Currently magnetostatic problems are either solved using zonal harmonics (if the geometry is cylinder symmetric) or has to be solved using numerical integration of the Biot-Savart law (for all non cylinder symmetric setups). For sufficient complex current / wire distributions the numerical integration of the Biot-Savart law is a major bottleneck at run time as for each particle step the magnetic field has to be reevaluated including the numerical integration over all wires.

For electrostatic fields the FastMultipole method was implemented that allows to precompute boundary charges on a surface and using a tree representation for fast evaluation at run time. The method is based on the fact that the volume of interest is charge free and thus the E field is divergent and curl free and thus can be described by a potential that has to fulfill the Laplace equation.

For magnetic fields we usually are also interested in the current free region (we are not tracking particles through wires) and thus the magnetic field is divergent and curl free and can also be described by a potential that has to fulfill the Laplace equation.

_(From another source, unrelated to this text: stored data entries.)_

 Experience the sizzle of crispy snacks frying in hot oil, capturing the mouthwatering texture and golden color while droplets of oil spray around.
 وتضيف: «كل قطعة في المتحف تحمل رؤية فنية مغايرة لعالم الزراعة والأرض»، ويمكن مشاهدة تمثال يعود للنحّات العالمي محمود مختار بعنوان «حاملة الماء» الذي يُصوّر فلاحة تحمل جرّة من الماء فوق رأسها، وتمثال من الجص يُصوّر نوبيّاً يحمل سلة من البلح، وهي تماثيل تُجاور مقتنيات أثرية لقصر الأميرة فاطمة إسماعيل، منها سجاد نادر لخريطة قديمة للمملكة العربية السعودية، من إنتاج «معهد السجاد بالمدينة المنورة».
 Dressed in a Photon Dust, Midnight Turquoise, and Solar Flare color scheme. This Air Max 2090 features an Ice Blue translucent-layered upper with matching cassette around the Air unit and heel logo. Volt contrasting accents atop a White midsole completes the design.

Thus we can make use of the same mathematical description as in the case of electromagnetic problems which are described by a set of surface charges sigma_i on an enclosing surface. For electrostatic fields the surface charges have to be derived from Direchlet and Neuman boundary conditions. The surface charges are given by sigma(r') = - eps_0 normal(surface) * grad(potential(r')) . We can make use of -grad(potential(r')) = B(r') and thus can directly calculate sigma(r') = const * normal(surface) * B(r'). In this case we can calculate B(r') using the Biot-Savart law at initialization time to get the surface charges and the FastMultipole representation. This has a speed up because 1. we have to evaluate B(r') only at a surface and not for the full volume, 2. we only do it at initialization time once and not at every particle step and 3. we can save the representation for other executions.

Implementation: We need a new class for magnetostatic problems what calculates "pseudo" surface charges using the Biot-Savart integration (which is already implemented). Based on the "pseudo" surface charges we generate the tree representation of the FastMultipole method (already implemented) and at runtime we use the FastMultipole method (already implemented) also for magnetic fields. Thus implementation is basically the work of writing wrapper functions to already existing tools.